No, non la prima volta che la tua piccola Winx quattrenne dice “Stanotte io vado a dormire in camerina mia”.

Ma la prima volta che ci va davvero.

E ci dorme tutta la notte.

E tu sarai pure una Borg ma ti svegli alle quattro, e rimani lì fino all’alba, a chiederti come devi considerarla, questa cosa…

UPDATE: per tacer di quando ella si sveglia e, soave, viene a darti il colpo di grazia con un sorridente “Ci ho dormito benissimo!”

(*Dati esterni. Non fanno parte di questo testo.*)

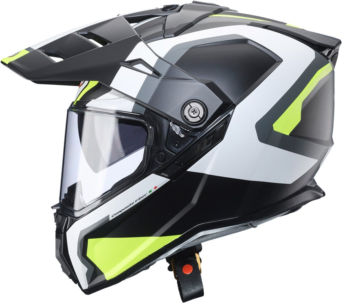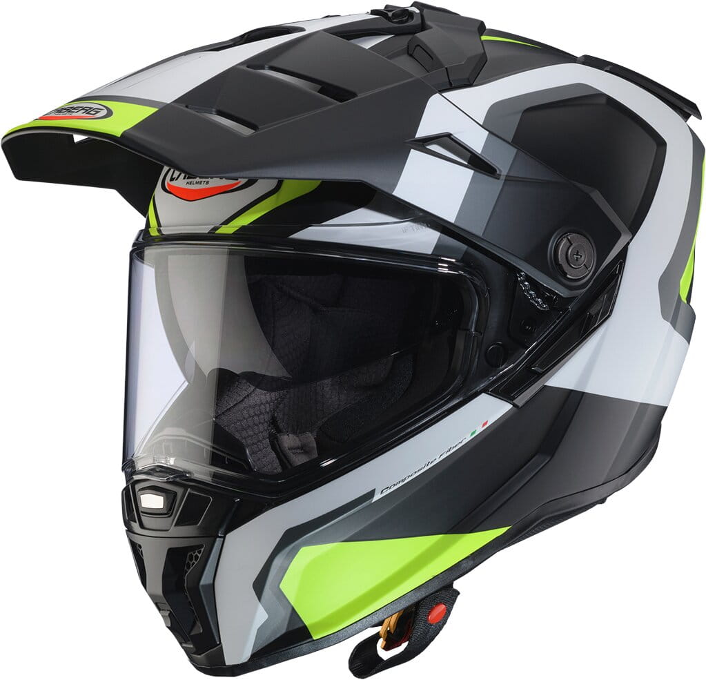 TANAMI – Abenteuer auf und abseits der Strasse mit höchster SicherheitDer Caberg TANAMI ist ein On- und Offroad-Helm mit optimierter Belüftung und dem CABERG SOS MEDICAL ID System. Er wird in zwei Schalengrössen aus Fiberglas und auch als Carbon-Version (TANAMI CARBON) hergestellt. Der Helm kann sowohl mit als auch ohne Visierspitze genutzt werden. Die Belüftung ist dank abnehmbarer Abdeckungen an den hinteren Luftauslässen und am Kinn einfach zu steuern.
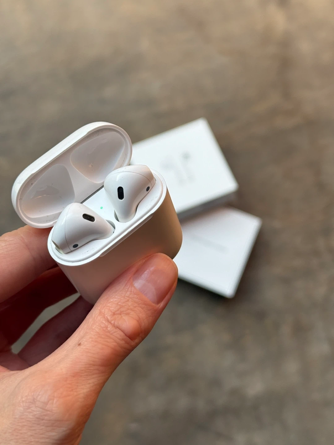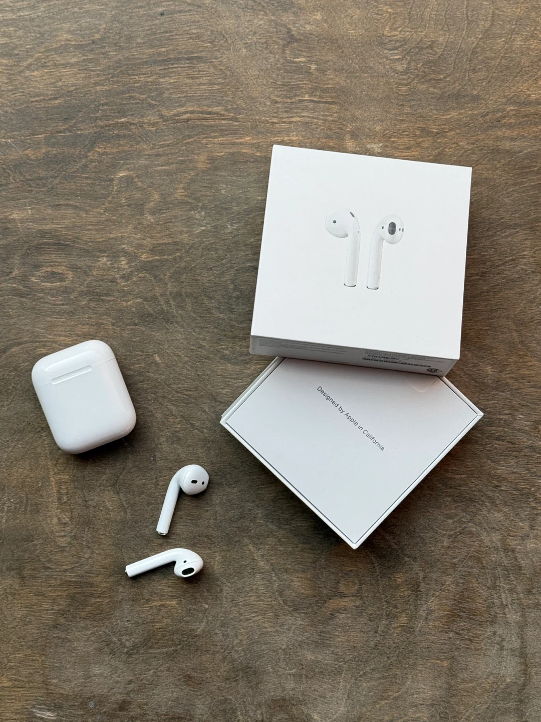 AirPods (2nd Generation) with Lightning Charging Case. Purchased in March 2024. They got water-damaged, only the right earbud works, and only for a few hours. The mic hasn’t been tested since. Comes with the original box and charging cable. Sold as is.
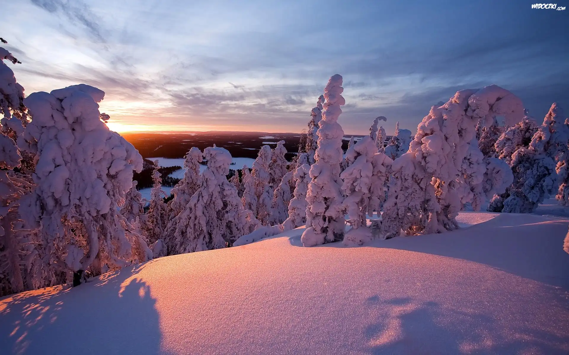 Zdjęcia, Zima, Ośnieżone, Drzewa, Zachód Słońca
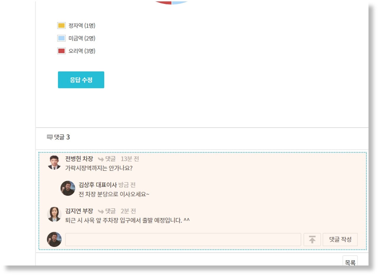 뭐니뭐니해도 설문 역시 직원들의 의견이 가장 중요한 만큼 설문 현황 화면에서 댓글 기능을 통해 실시간 의견을 주고 받을 수 있습니다! 참여자는 댓글 의견을 바탕으로 응답을 수정할 수도 있고, 관리자는 댓글을 반영하여 설문 내용을 변경할 수도 있겠죠?
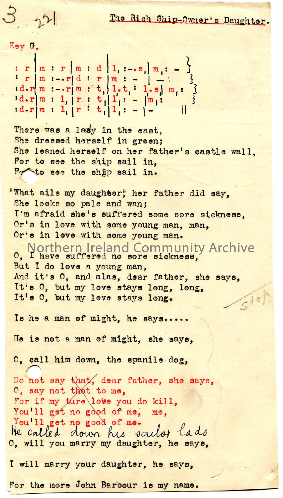 Typed tonic sol-fa notation and words to song titled, 'The Rich Ship-Owner's Daughter'. Annotated in pencil and ink. One verse, typed in red has been scored out. '3. 221' handwritten in pencil at top of page.
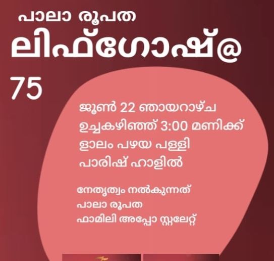 1950 ൽ രൂപം കൊണ്ട പാലാ രൂപത പ്ലാറ്റിനം ജൂബിലി ആഘോഷിക്കുന്ന ഈ വർഷം 1950 ൽ ജനിച്ച രൂപതാംഗങ്ങളായ 1460 ൽ പരം വ്യക്തികളെയാണ് ആദരിക്കുന്നത്. കുടുംബ അജപാലനം മുഖ്യ ഉത്തരവാദിത്വമായി സ്വീകരിച്ചിരി ക്കുന്ന ഫാമിലി അപ്പോസ്തലേറ്റിന്റെ കർമ്മമേഖലകളായ മാതൃവേദി, പിതൃവേ ദി, പ്രോലൈഫ് എന്നിവയുടെ സഹകരണത്തോടെ ക്രമീകരിക്കുന്ന ഈ പ്രോഗ്രാമിന് ഒത്തുച്ചേരൽ എന്ന അർത്ഥം വരുന്ന ഹീബ്രുവാക്കായ ലിഫ്ഗോഷ്@75 എന്ന പേരാണ് നൽകിയിരിക്കുന്നത്.
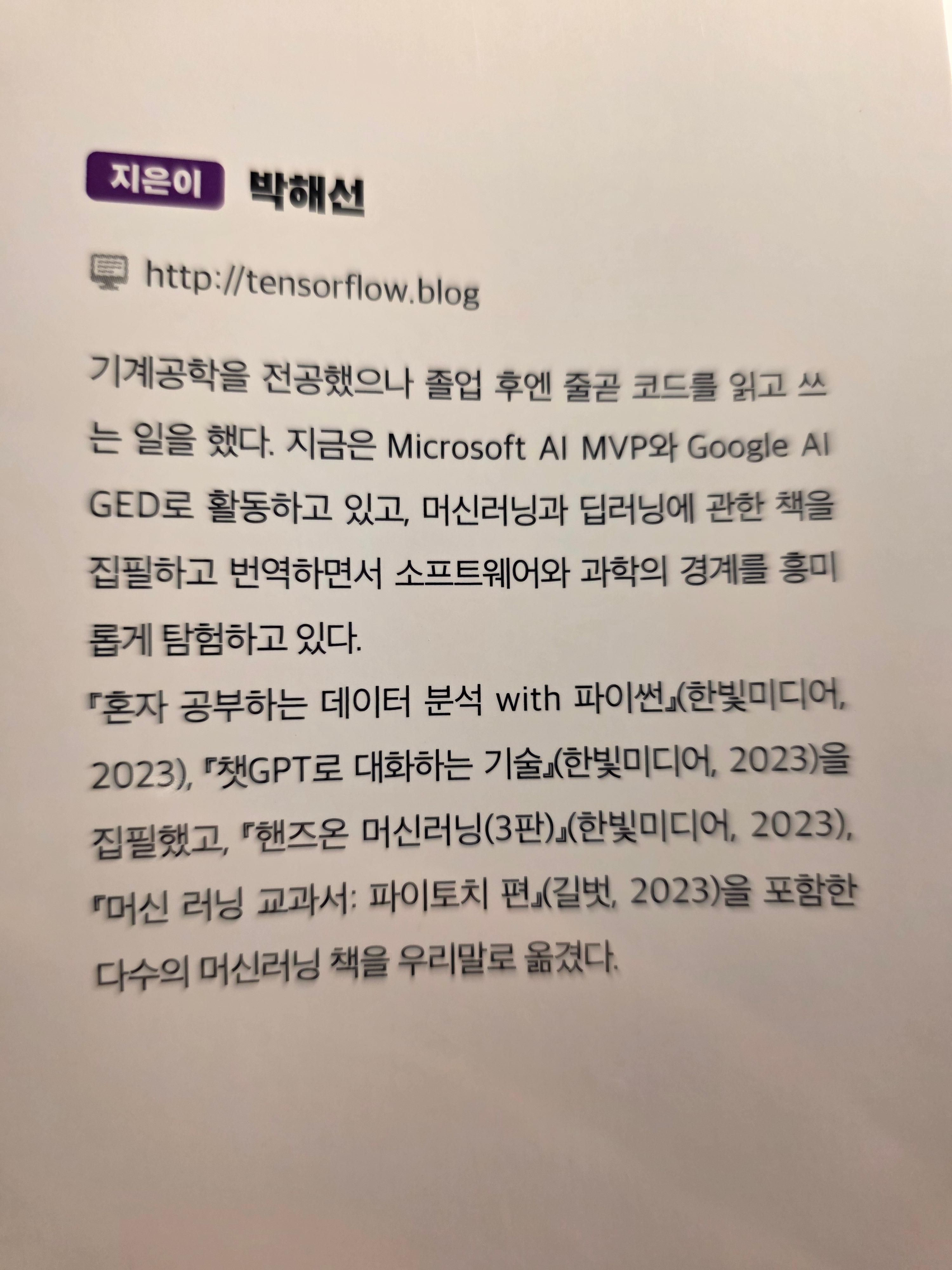 마지막으로 이곳에 있는 작은 옥의티가 있어서 이 부분을 언급하자면, 저자의 이력에서 Google AI GED로 활동한다고 적혀있는데, GED가 아닌 GDE(Google Developer Experts, https://developers.google.com/community/experts)이다. 혹 나중에 다시 인쇄할 일이 있다면 고쳐졌으면 좋겠다.
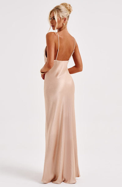 Made in our super luxe, bias cut hammered satin with a gorgeous sheen, the Anja maxi skims the body for a beautiful fit. The perfect dress to create memories in, it features a plunge V-shaped neck and delicate straps.
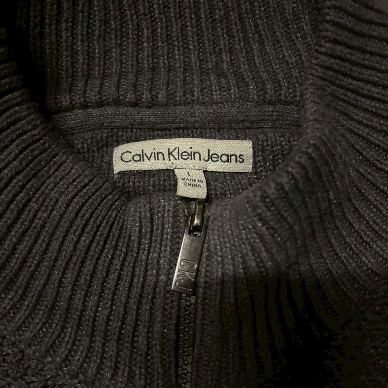 Calvin Klein Jeansによるハーフジップ仕様のリブニットセーター。
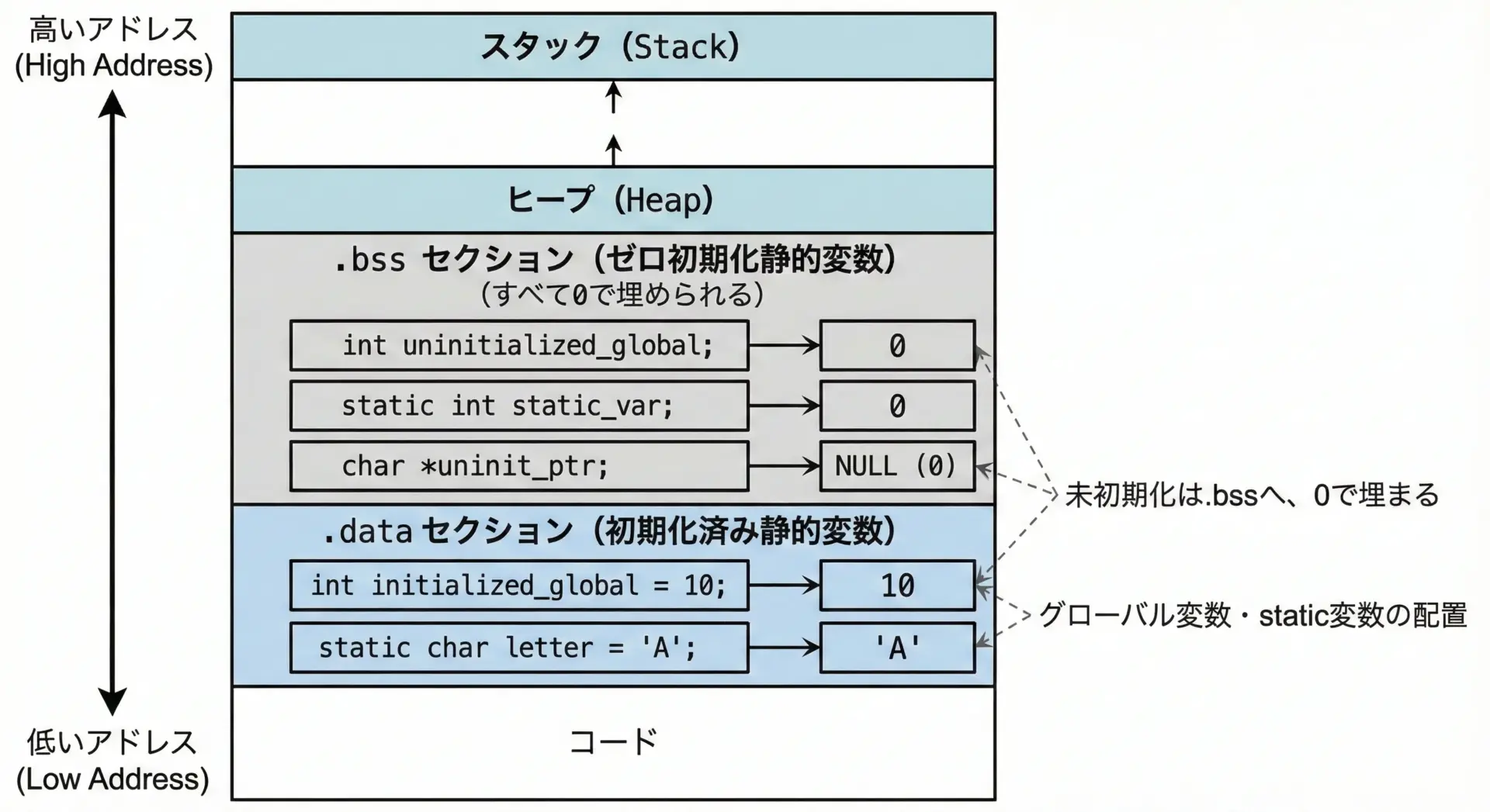 - 静的記憶域期間(グローバル変数・static変数)は0で初期化される
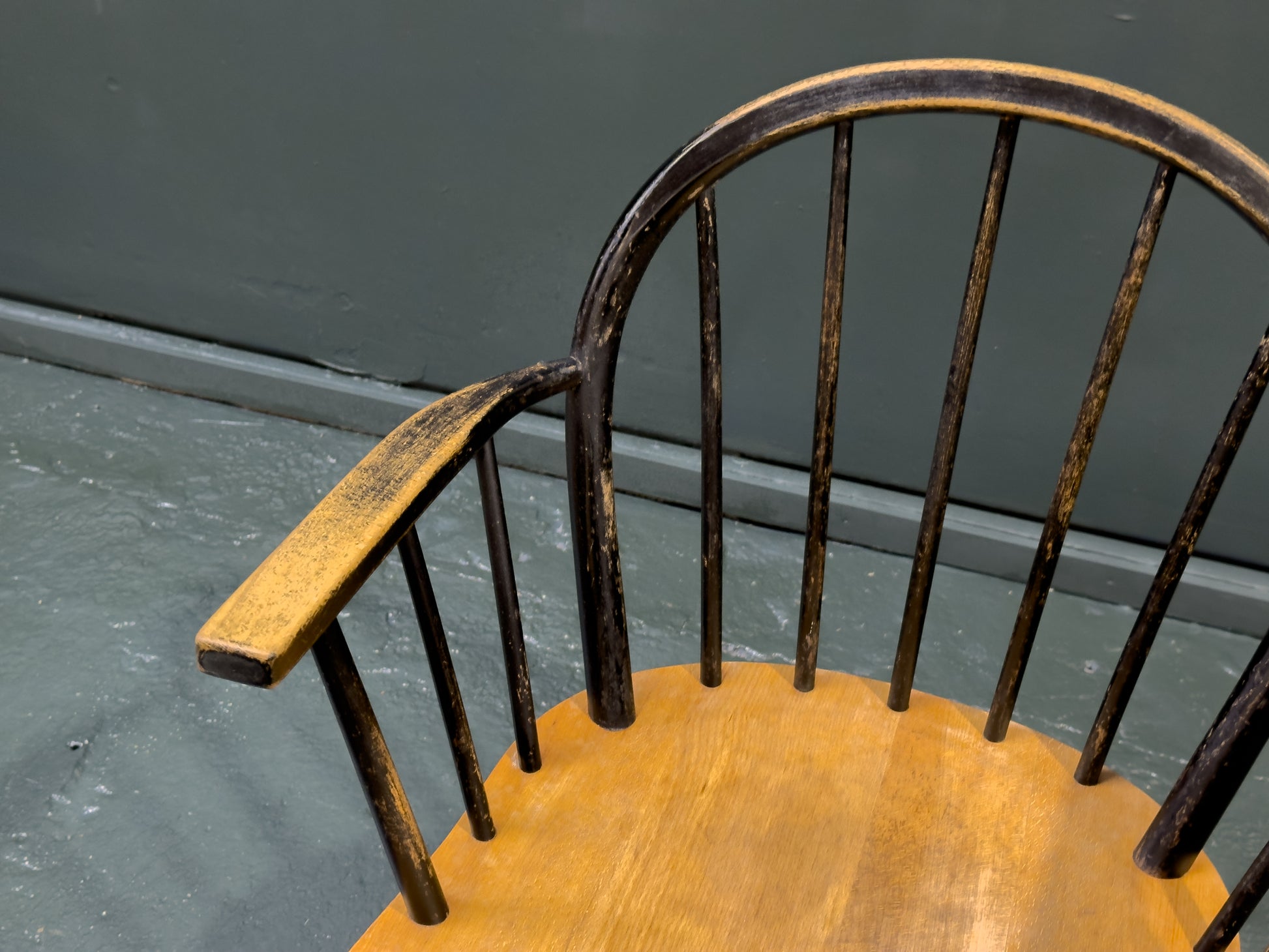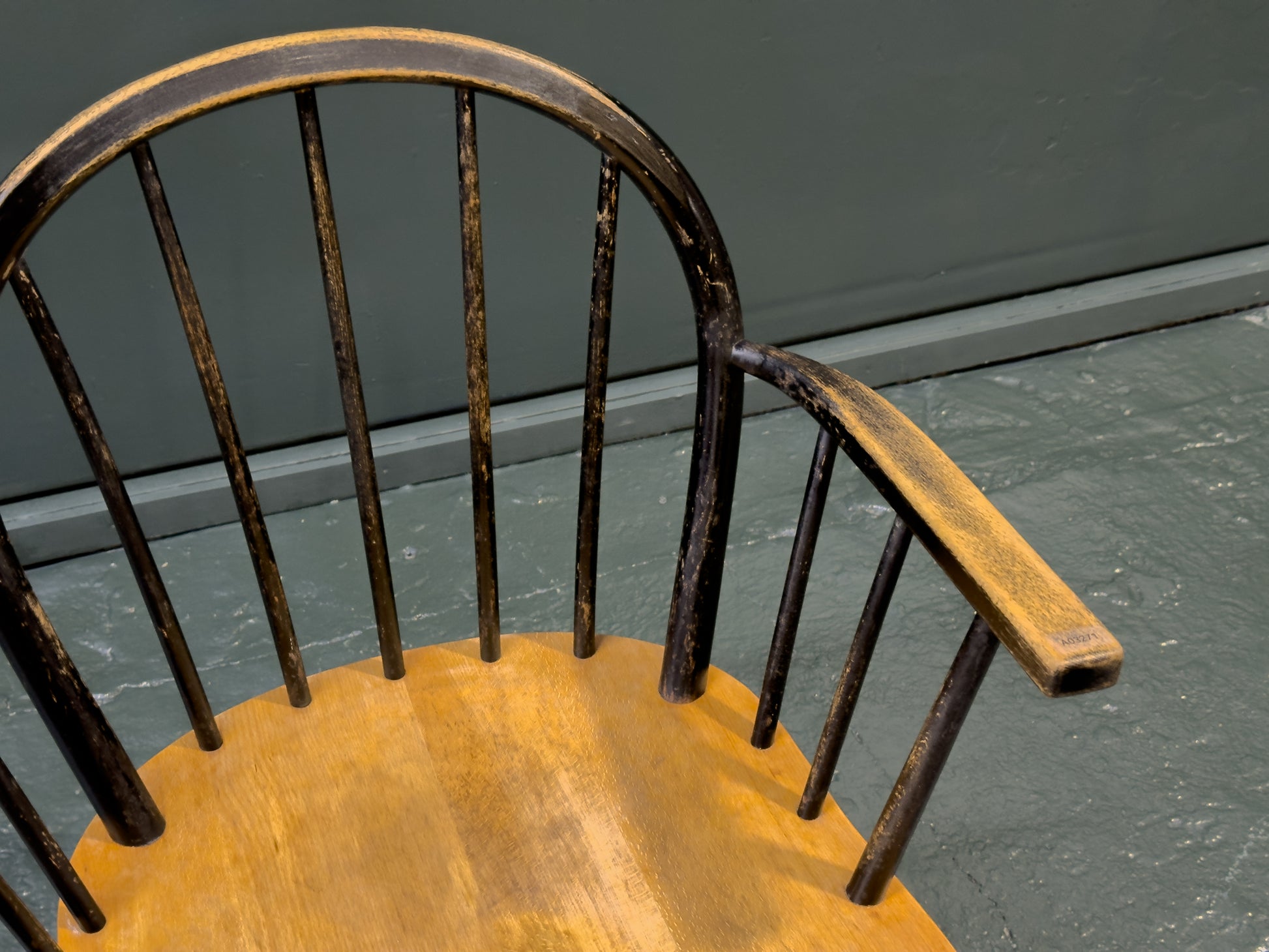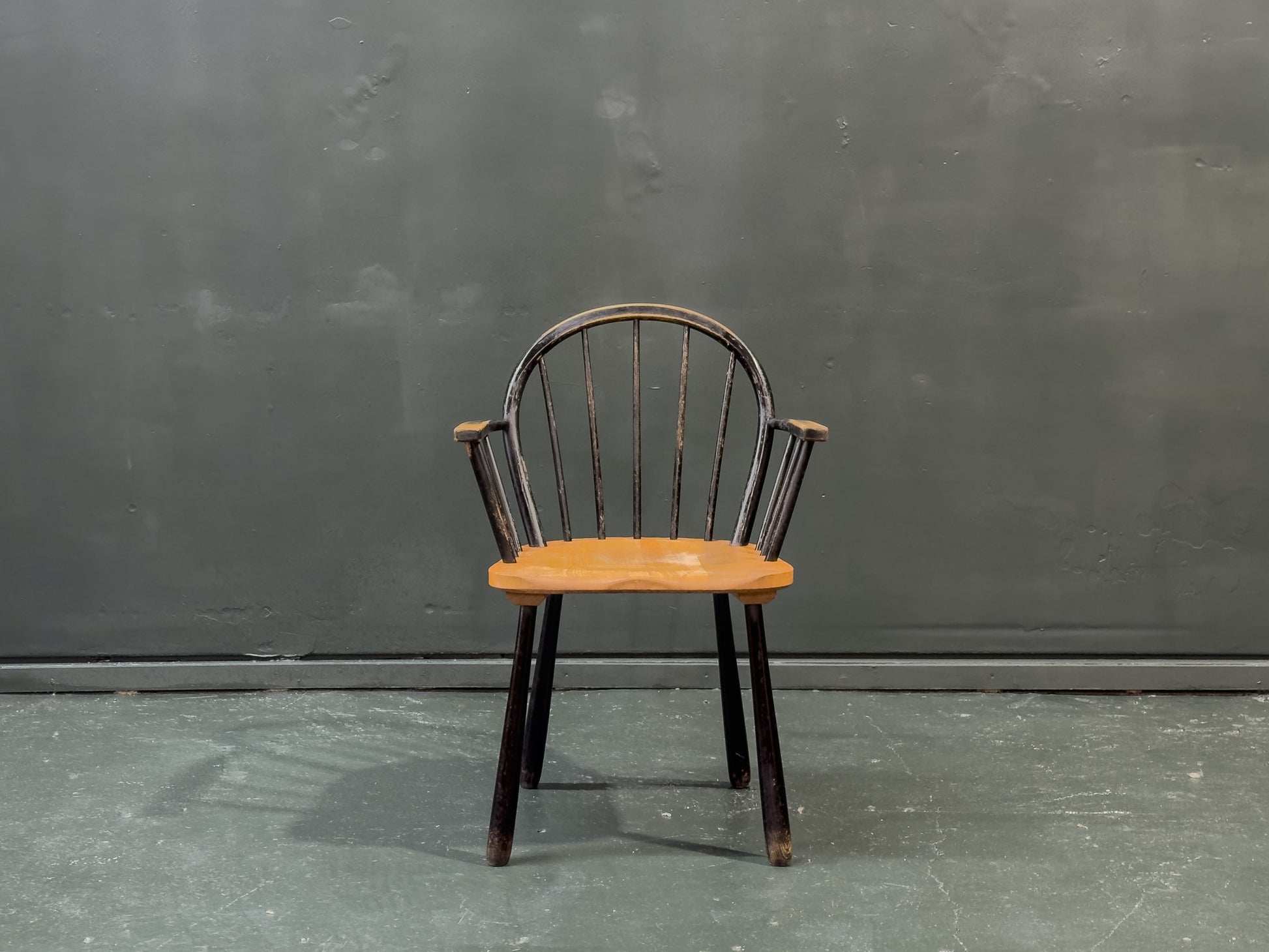 Short, straight arm supports extend forward from the back structure, adding a geometric counterpoint to the arc. The seat is shaped with softened edges and a gentle taper toward the rear, visually anchoring the composition. Splayed legs set at outward angles create a stable base and reinforce the chair’s dynamic stance. The contrast between the dark-stained frame and lighter wooden seat highlights the chair’s construction lines and emphasises its handcrafted character.

Piccola Winx: TU non sei mia madreeeeeee!! MIA MADRE E’ MERY!!

Scacco.
Mery è mia suocera.
Ecco, non so se rendo.

Mammina (senza muovere nemmeno un muscolo): Bene. Perfetto. Padre-della-creatura, porta subito la Piccola Winx a casa di Mery. E’ sua madre, no? Se la smazzi lei. Almeno io stasera ceno in santa pace.

Scacco matto.

Non riprovarci con me, ragazzina. Nungliafai.

* Garri Kasparov

Il mio nome è legione

agosto 13, 2008

A mia figlia, come a tutti i bambini, son stati via via appioppati vari nomignoli (ed alcuni non ve li rivelerò manco se mi pagate, ci tengo alla mia immagine di Borg)

Siamo partiti con un banale “Fagiolino”, quando era ancora agli inizi della sua vita intrauterina. Scarsa fantasia, lo so, ma eravamo proprio alle prime armi come genitori.

Il Fagiolino è diventato dopo la prima ecografia una “Tartarughina”, per via di una vaga somiglianza ecografica, e tale è rimasta fino in prossimità del parto, anche se ormai somigliava più ad un alien che si agitava nella mia pancia.

Poi la piccoletta è nata, ed è stata subito Sara, o anche con smagato stupore “la creatura”.

Successivamente, i nomignoli sono stati accantonati per un po’, fin quando Sara non ha iniziato a gattonare… e lì è stata subito battezzata Velociraptorina. La piccola ma temibile predatrice ha tenuto fede al suo soprannome per un bel po’, poi è stata la volta di un meno elegante Cicciapolpetta, presto convertito in un CicciapoRpetta di livornese sonorità, e poi per brevità Cicciaporp e poi solamente l’orrido Porp, anzi Hey Porp! ma questa è farina del sacco di suo padre, non mia. Ci tengo a sottolineare che per l’abolizione del Porp ho anche fatto una raccolta firme, io.

Inesorabile con l’asilo è arrivata quindi la fase Winx, e quindi ci siamo arresi a piccola Winx.

Ma la fase Winx è durata poco: ultimamente con l’avanzare del terrible four il più frequente modo di chiamare la creatura è diventato “SARAAAACONTOFINOATREEEEE!”

In nick veritas?

agosto 9, 2008

Conduco da anni un’osservazione antropologica, o forse dovrei dire antropozoologica, sui forum che frequento, ed ora penso di aver raccolto abbastanza dati da definire meglio le caratteristiche di una specie (o sottospecie?) di frequente osservazione sui forum mammeschi: la Mammina Cuoriciosa.

Tale mammina forumiana rappresenta per me un enigma: si presenta regolamente con nick romantico e sdolcinato, spesso con riferimento alla maternità e le sue gioie, ed otto volte su dieci è un diminutivo (mammina, tenerina, pasticchina, giulebbina). Il nick è una caratteristica basilare per riconoscerla in tempo: occhio, dunque!

E’ incline a parlare di dentini, cacchine, pappine e protesterà per gli argomenti un po’ ot tipo politica, referendum, economia, che turbano la quiete della nuvoletta rosa che secondo lei un forum di mamme deve essere, e attirano troppa attenzione rispetto alla cacchina dura di suo figlio, insomma chissenefrega del mondo là fuori no????????? Ah già, l’uso smodato di punteggiatura è un’altra caratteristica spesso riscontrata!!!!!!!!!!!!!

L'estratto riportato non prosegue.